Come ho sottolineato più volte, questo viaggio non sarebbe mai stato possibile senza l'aiuto di fonti di primissima importanza, di esperti e autentici fuoriclasse dell'analisi non solo finanziaria ma soprattutto economica.
Certo di esperti ed "illuminati" ve ne sono per sempre nei mercati finanziari, nell'immobiliare, in ogni singola attività economica, ma la differenza sta alle volte nell'andare a cercare di comprendere sino in fondo il loro ragionamento, le loro visioni, la natura stessa delle loro sensazioni, delle loro analisi, delle loro motivazioni.
Inutile ricordare a tutti come questo mondo, sia intriso in ogni ambiente, da un latente e talvolta evidente, conflitto di interesse, che indirizza spesso in via esclusiva verso quelle assimmetrie informative che sostengono in maniera evidente un sistema che oltre che essere autoreferenziale si è dimostrato in grado di sequestrare la vita economica e sociale, di distruggere il vero capitalismo e mettere a repentaglio la democrazia.
L' asimmetria informativa è una condizione in cui un'informazione non è condivisa integralmente fra gli individui facenti parte del processo economico, dunque una parte degli agenti interessati ha maggiori informazioni rispetto al resto dei partecipanti e può trarre un vantaggio da questa configurazione. ( Wikipedia)
Come ho già scritto .... Suppongo che per i " capitalisti flessibili ", sia affascinante continuare ad assaporare il gusto del successo senza dovere sopportare il dolore del fallimento, utilizzando il contribuente ... come metadone.
Ma torniamo al nostro argomento!
"Non siamo mai sicuri, in una certa misura siamo sempre ignari!
"La nostra conoscenza del modo in cui funzionano le cose, nella società o nella natura, è avvolta nella nebbia della vaghezza. Grandi mali sono derivati dalla fede nella certezza." (...) Le nostre vite abbondano di numeri, ma a volte ci dimentichiamo che i numeri sono soltanto strumenti. Pur non avendo un'anima, possono diventare dei feticci. Molte decisioni cruciali sono prese dai computer, strani congegni che divorano numeri, come mostri voraci, e che chiedono di essere nutriti con quantità sempre maggiori di cifre da masticare, digerire e risputare." Kenneth Arrows nobel all'Economia.

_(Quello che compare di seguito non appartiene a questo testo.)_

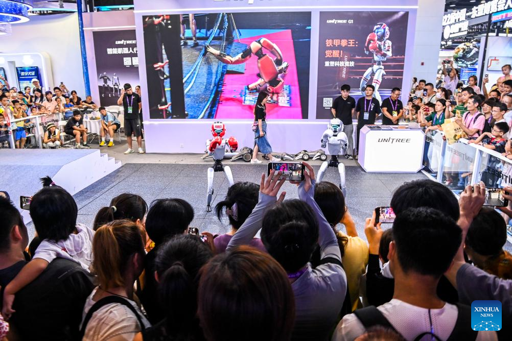 NANNING, 20 septiembre, 2025 (Xinhua) -- Visitantes observan una presentación de robots durante la 22ª Exposición China-ASEAN, en Nanning, en la región autónoma de la etnia zhuang de Guangxi, en el sur de China, el 20 de septiembre de 2025. La exposición abrió sus puertas al público el sábado. (Xinhua/Cao Yiming)
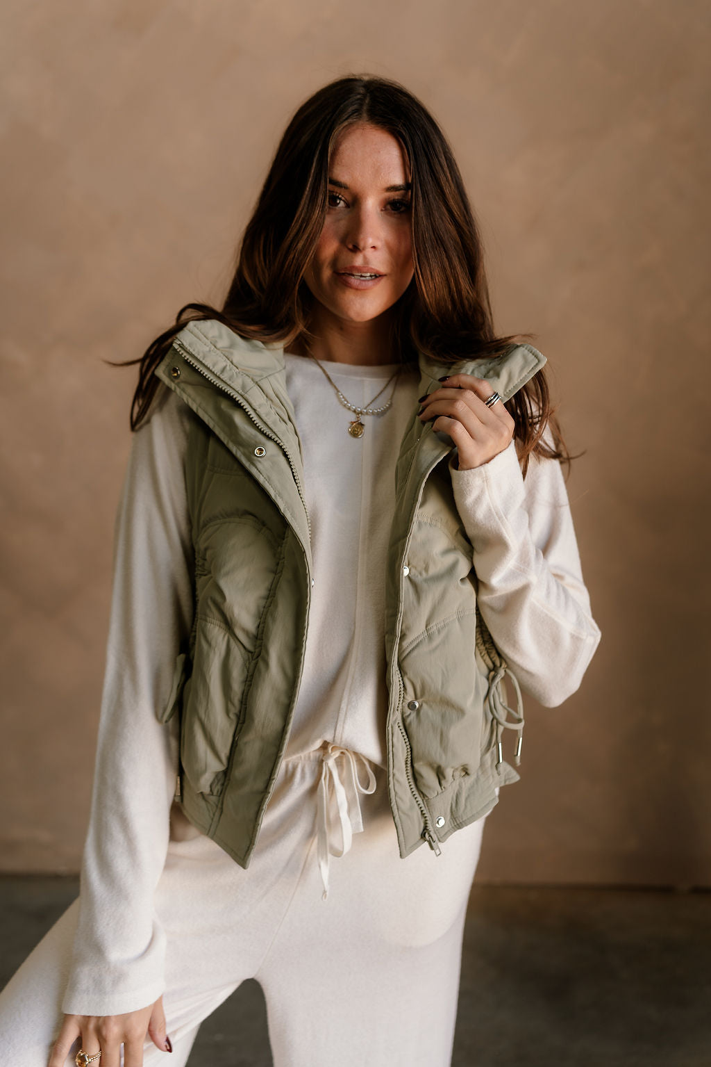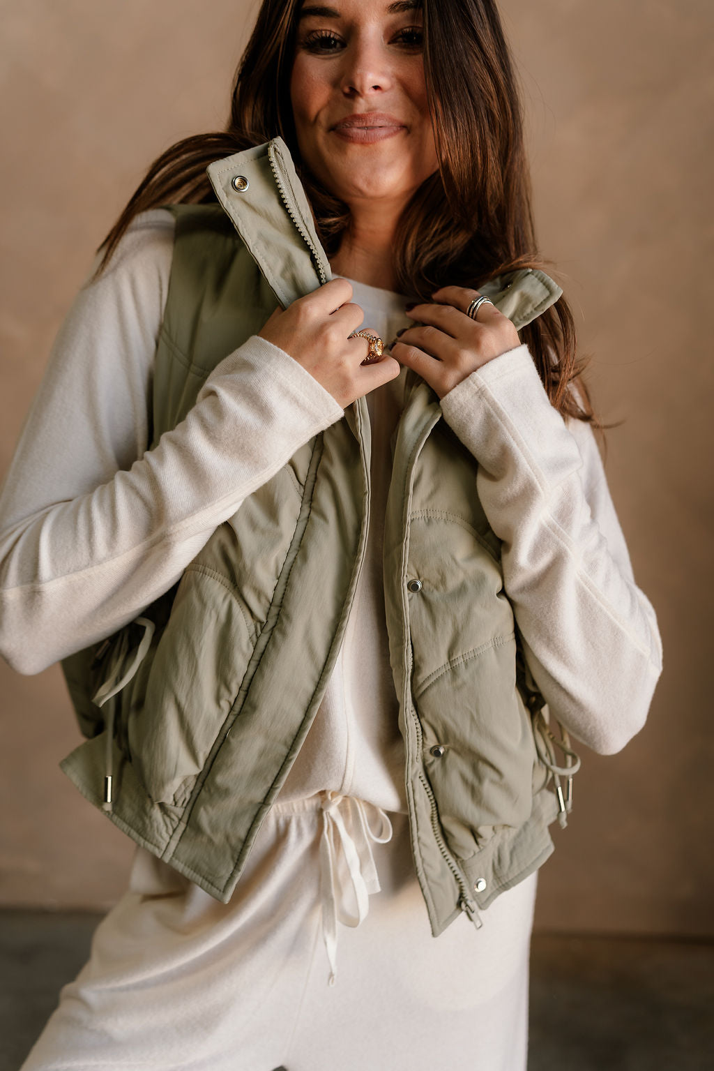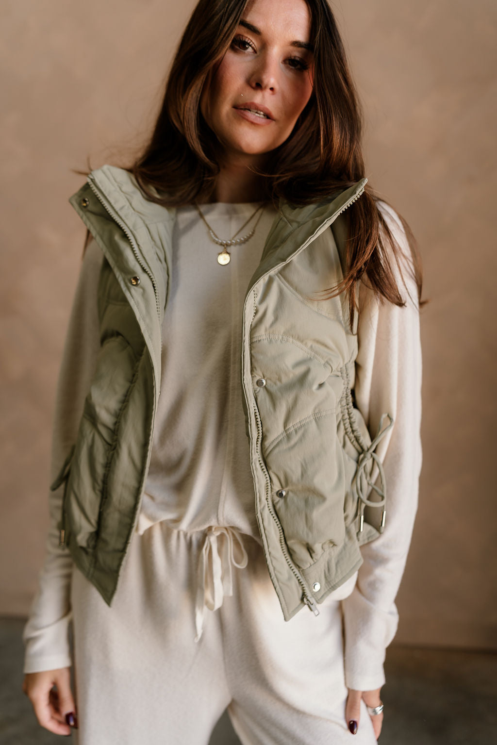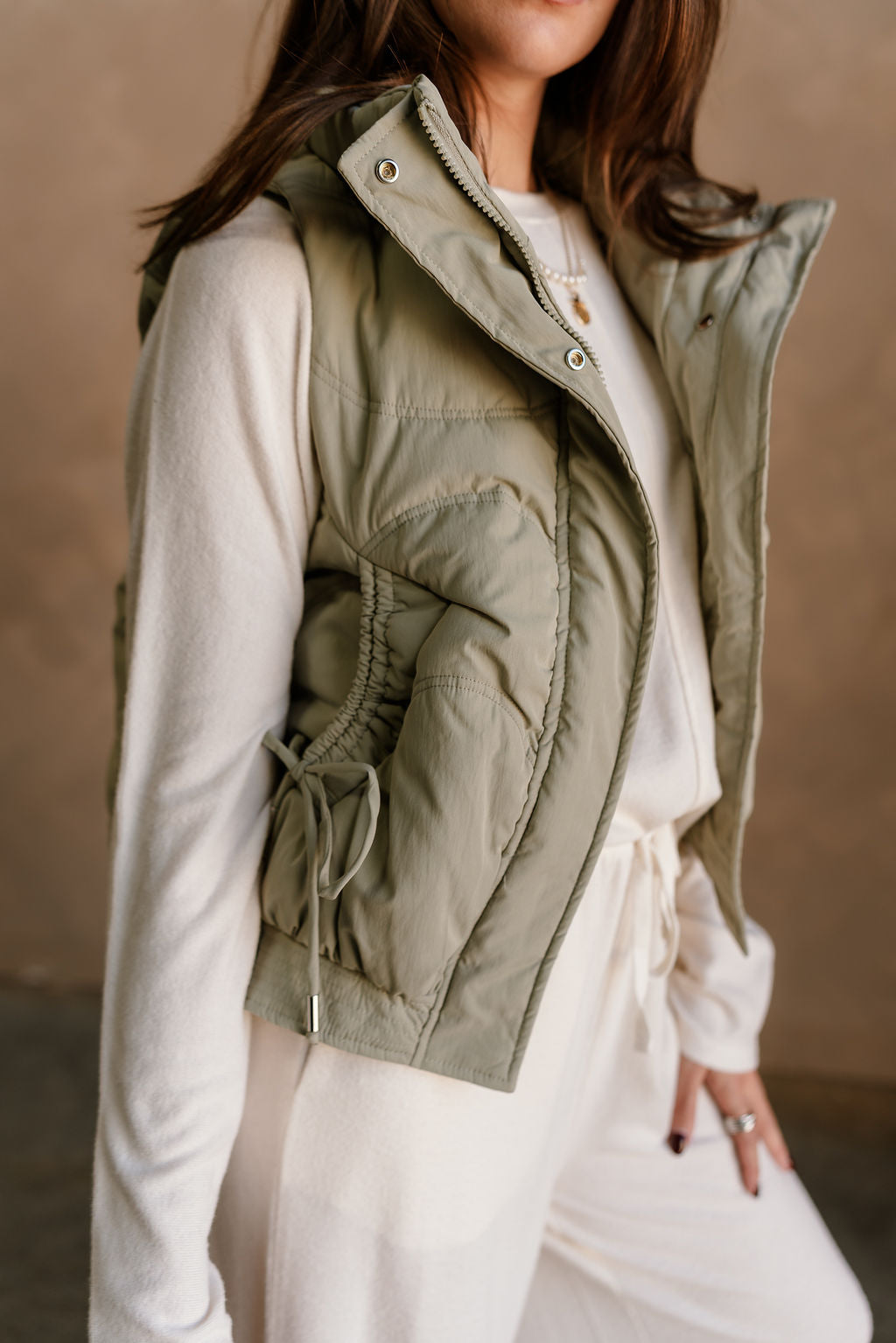 Featuring a high neckline and front monochrome zip-up with snap closure, it provides a cozy, streamlined fit. Drawstring tie details allow for an adjustable silhouette, while front pockets offer practical storage and added style. The matching dusty sage lining ensures smooth, comfortable layering over tops or sweaters.

Uno dei punti di forza di questo viaggio è stato quello di conoscere queste fonti e condividerle con i lettori, lasciando loro il compito di comprendere se queste fonti fossero degne di essere studiate e comprese, fonte di ulteriore consapevolezza. Ovviamente il tutto è stato accompagnato da una serie di analisi decisamente soggettive, che dal punto di vista macroeconomico si sono rivelate assolutamente adeguate e continuano ad esserlo tuttora.
Certo chi vive di breve termine, e in questo sistema, praticamente tutti, non ama attendere, vuole risultati a breve termine a tutti i costi.
Inutile ricordare a tutti, che la favola del breve termine è una delle maggiori responsabili della " Madre di tutte le crisi" il cui racconto ha prodotto una spasmodica fantasia e creatività finanziaria che ha, nella sostanza, distrutto le dinamiche dell'economia reale.
Oggi, nonostante tutto, si vive ancora di breve termine, anche perchè come diceva il grande J.K.Galbraith, nella sua proverbiale ironia... La salvezza a lunga scadenza non è mai stata apprezzata dagli uomini d'affari se essa comporta adesso una perturbazione nel normale andamento della vita e nel proprio utile. Cosi si auspicherà l'inazione al presente anche se essa significa gravi guai nel futuro.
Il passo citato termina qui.